I think you are criss-crossing two conversations here. China's population is NOT growing "like crazy" because they still have the 1 child policy. But their economy is certainly growing like crazy.
And have you ever asked yourself WHY an industrialized nation's population levels off? The answer is a) birth control, and b) women being freely empowered with the right to decide their own reproductive destinies. Women in Arabia have no say in birth control, and so the birth rate in that nation is a runaway train.
One more thing I'd like you to consider is "the exponential function." Are you aware of the dynamic and ever-upwardly-escalating numbers that result from exponential growth? And of the ramifications to human population when the exponential function is applied to human birth rates?
Yes, exponential growth will be stopped by something or other. Any ecosystem can only support so much life, and once there's a saturation point, there's either equilibrium, or cycles of growth and dying out.

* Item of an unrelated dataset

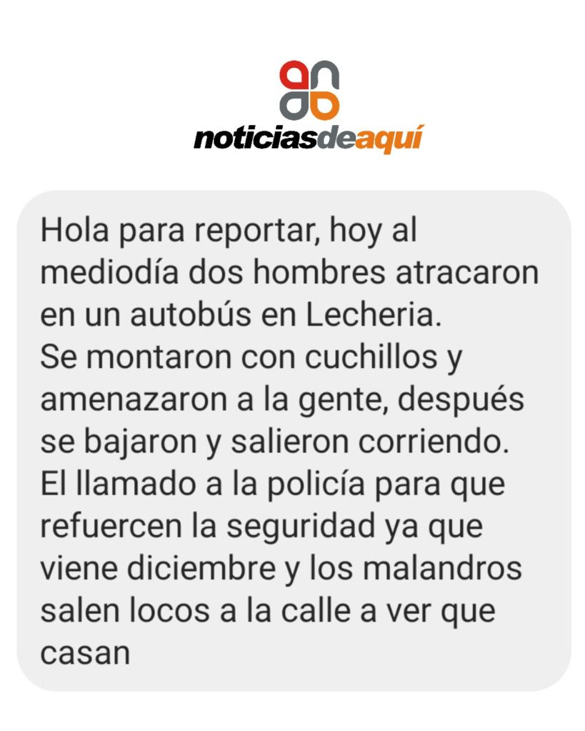 Pasadas las 12 del mediodía de este martes 26 de noviembre dos sujetos abordaron en la avenida Principal de Lechería un autobús que cubre la ruta Crucero-Lechería, inmediatamente sacaron armas blancas y sometieron a los pasajeros quienes fueron despojados de sus pertenencias.

Fish in a lake is an example.
Even with space travel and unlimited resources, exponential growth of human population will reach a limit - even expanding in all directions at the speed of light (an algebraic function, volume expanding with the cube of time), mathematically exponential growth will eventually catch up to fill the volume, and then it WILL slow down.
The question isn't whether exponential growth of human population will stop, but when and how.
I hope we can sort out some sort of carbon nanotube space elevator to get round that. But - and I am asking seriously and not rhetorically, honest - what's so great about the asteroid belt? I mean, with a massive amount of investment we could pick up a whole bunch of minerals, but is that actually going to a) pay for itself b) do any good other than giving us a whole bunch of minerals>
Actually, the asteroid belt is a bit out of the way, orbit-wise, and it'll take a lot of energy to get that stuff into Earth orbit or wherever. There's enough little chunks of asteroids in near-Earth orbit that we could get first, as well as take chunks out of the Moon. We'll have plenty of time to get to the Asteroid belt.
As for what we'll do with it, presumably nanotechnology will have advanced to where the main need is atoms of the right elements to be able to make just about any physical product needed by humankind.
Dare I ask how one checks such growth?
You ask people pretty please to stop having so many babies.
When they don't. you feed them as best you can, knowing that not everyone will get enough to eat.
Or perhaps (I think likely) agriculture will continue to improve (perhaps we'll grow wheat in orbit or, ahem, on the Moon) and we WILL be able to feed mayne 20 billion people on Earth, but with warnings that we won't be able to feed 25 billion or 30 billion, and the big moral dilemma will be whether to add birth control chemicals to the food we're giving to those billions of people relying totally on the technology and generosity of first-world nations to eat.